Code review turned a 3x speedup into 8.9x (off-heap HdrHistogram in QuestDB)

Javier RamirezFast Data Advocate

3 days ago

Tags:

engineering performance code review java off-heap

QuestDB is the open-source time-series database for demanding workloads—from trading floors to mission control. It delivers ultra-low latency, high ingestion throughput, and a multi-tier storage engine. Native support for Parquet and SQL keeps your data portable, AI-ready—no vendor lock-in.

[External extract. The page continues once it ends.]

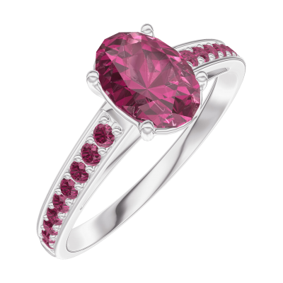 « L'ATELIER » NR. 165712Inel Aur alb 9 carate - Rubin Oval 0.7 carate - Încrustare Rubin

Community contributions to QuestDB are some of my favourite things to read as a developer advocate. They tend to be opinionated, they often poke at corners of the engine that the core team has been meaning to revisit for a while, and the back-and-forth on the PR is usually where the most interesting engineering happens.

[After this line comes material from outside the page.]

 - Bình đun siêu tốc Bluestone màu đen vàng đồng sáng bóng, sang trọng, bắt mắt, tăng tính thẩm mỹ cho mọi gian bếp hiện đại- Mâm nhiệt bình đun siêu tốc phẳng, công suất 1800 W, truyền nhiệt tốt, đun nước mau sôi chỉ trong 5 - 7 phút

A recent pull request is a great example. It takes on a hard problem: rewriting QuestDB's HdrHistogram integration as an off-heap, flyweight class so that approx_percentile() can scale across worker threads without paying GC or allocator costs on the data path. The first benchmark showed a 3x parallel speedup but a single-threaded regression; after one review pass, the regression was gone and the parallel number hit 8.9x.

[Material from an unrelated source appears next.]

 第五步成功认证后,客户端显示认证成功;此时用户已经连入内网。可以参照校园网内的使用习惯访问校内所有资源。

HdrHistogram, created by Gil Tene, is a well-known histogram library that gives bounded relative error across the full value range. It works well, but the reference implementation and QuestDB's integration both live on the JVM heap. In a database that goes to some lengths to keep hot data structures off-heap, that sticks out. And HdrHistogram is not just a counts array: it carries configuration (lowestDiscernibleValue, numberOfSignificantValueDigits), derived bucket geometry, and a fair amount of floating point math used to map values to bucket indices. Porting all of that to off-heap, flyweight form, while preserving exact parity with the original on-heap implementation across an extensive test suite, takes serious effort. Big kudos to Mircea Cadariu for taking it on.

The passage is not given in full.